Supervised Multi-labeling classifier

The Supervised Multi-labeling classifier classifies a document into pre-defined classes and give it labels representing assigned classes to it. A set of classes into which the documents are classified is defined by providing training data, which is a set of documents having correct labels.

The document classification predicts types, topics, or user-defined categories of a document, based on a set of parameters trained with user-provided training data.

The document classifier implementation of Watson™ Explorer is classified as supervised multi-labeling. The word supervised means that this classifier uses supervised learning, a type of machine learning method that requires training data to learn how to recognize classes of documents based on their metadata and keywords in text. On the other hand, the word multi-labeling means it may give zero or more labels to a single document.

Supervised multi-labeling example

Suppose we are going to apply the supervised multi-labeling classifier to news articles to estimate their topics such as politics, economy, and sports as in the figure below. A single article may contain more than one topic, so multi-labeling suits to this task.

News articles normally have both metadata such as publishing media and publishers and text such as title and body. The multi-labeling classifier of Watson Explorer uses both of these metadata and text as features, in other words, as hints to estimate classes of documents.

The classifier needs to learn which metadata or keywords in text are likely to appear in articles having a particular topic. For instance, the publisher in this example, Sports News Inc. would likely to appear in sport articles, and words such as evolution and technology would likely to appear in science articles. Training data is used to learn such relationship between those contents of documents and their expected labels. Training data consists of pairs of a document (a news article in this example) and its expected labels (topics in this example). The pair of a document and a set of labels is normally called as a training example in the machine learning field.
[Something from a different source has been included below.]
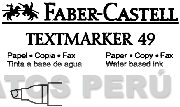 La denominación FABER-CASTELL TEXTMARKER 49 escrita en letras características con la silueta de dos caballeros medievales enfrentados y la representación de un marcador estilizado y el texto PAPEL COPIA FAX TINTA A BASE DE AGUA en castellano e inglés; conforme al modelo adjunto
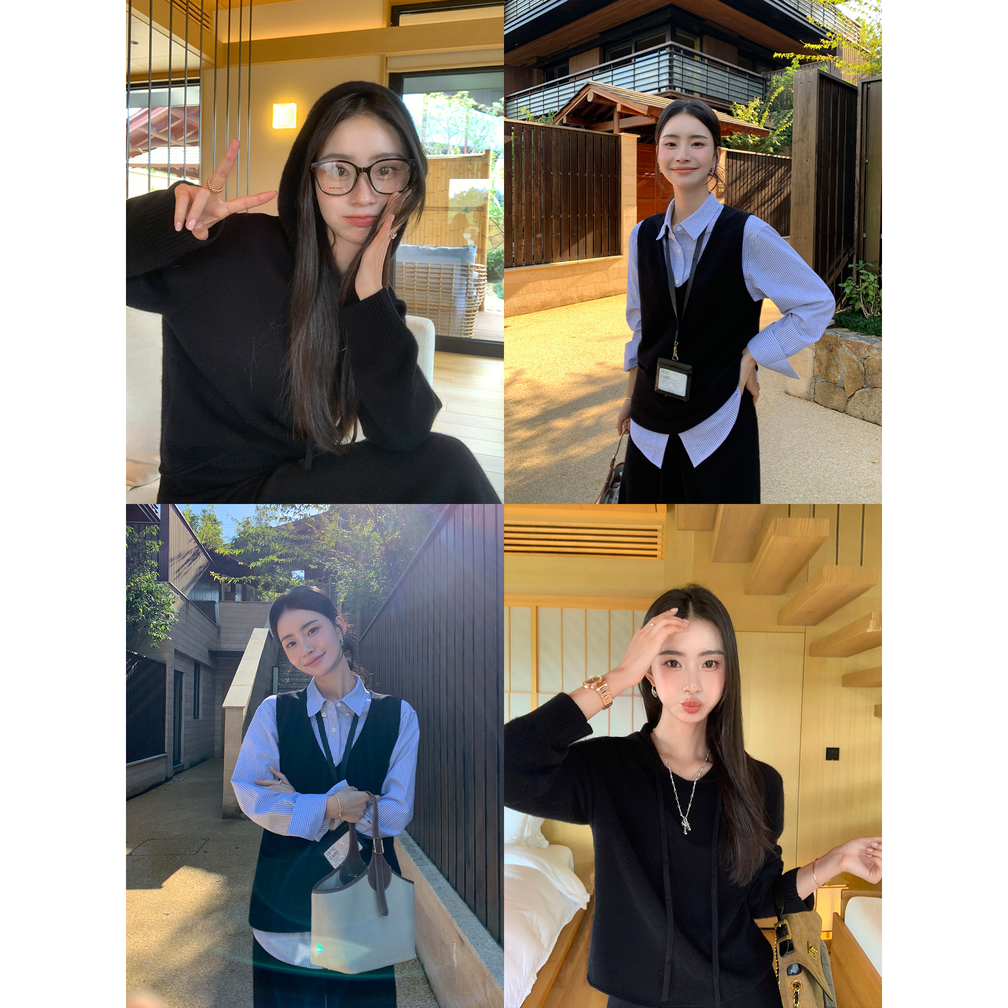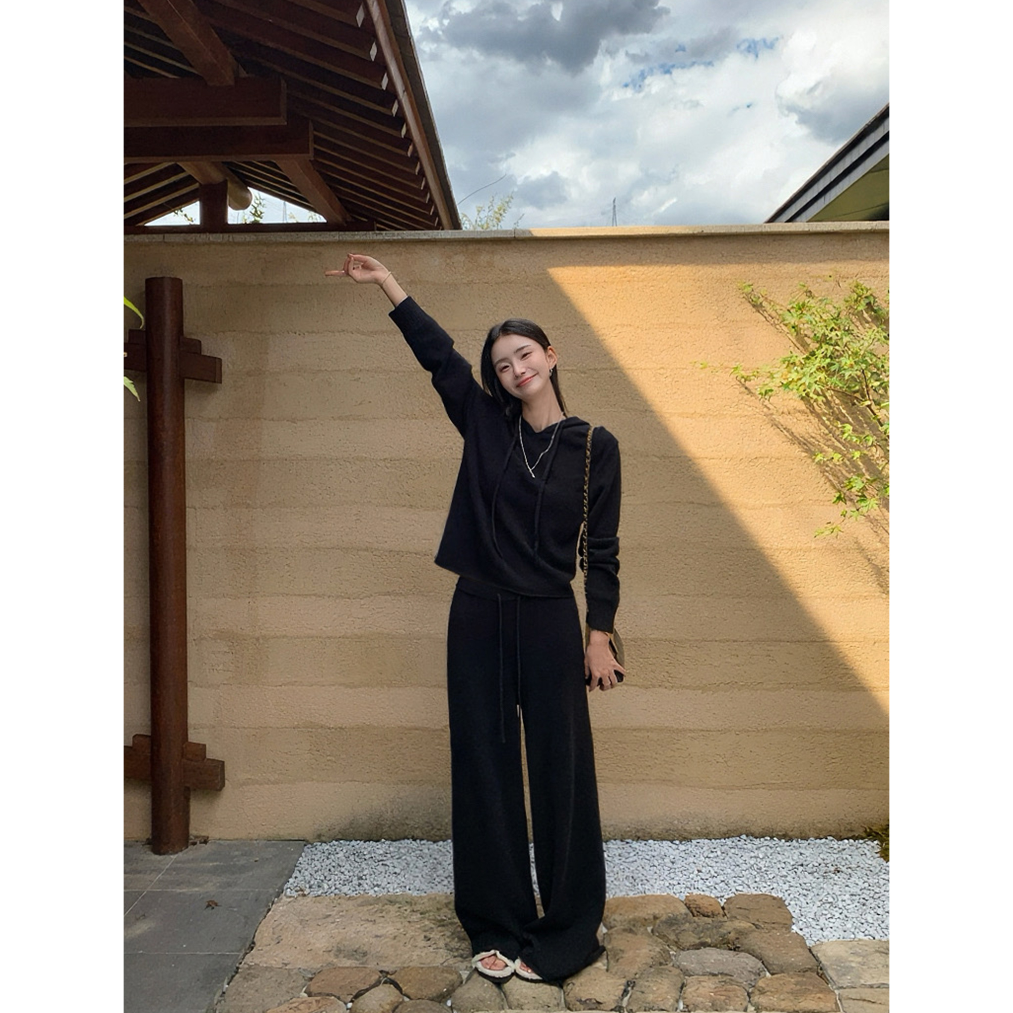pusumede随性松弛 100%羊毛慵懒毛织上衣女V领马甲宽松阔腿裤套装

After the training is completed, the classifier can predict topics of a given document based on its content. In this example, sports and science are predicted topics for the document in the left.

Usage

A standard procedure for applying supervised multi-labeling to new documents is as follows:

  1. Prepare training data.

    Prepare a set of documents with correct class labels and ingest the documents as a dataset. All data formats supported by crawlers and converters are acceptable as the training data format, but CSV files imported by the CSV Importer and JSON files imported by the File system crawler are recommended.

  2. Create and train a classifier using the training data.
  3. Evaluate the accuracy of multi-labeling.
  4. Deploy a trained model as a classifier instance to annotate labels to new documents.
  5. Create a new collection by specifying the collection template created with the classifier.
  6. Check the prediction result on miner: Add a new dataset to the collection and create an index.
  7. Check the prediction result on Realtime NLP API.

    Realtime NLP API returns labels and their probabilities predicted by the classifier (Note that the collection must be associated with the enrichment using a classifier instance).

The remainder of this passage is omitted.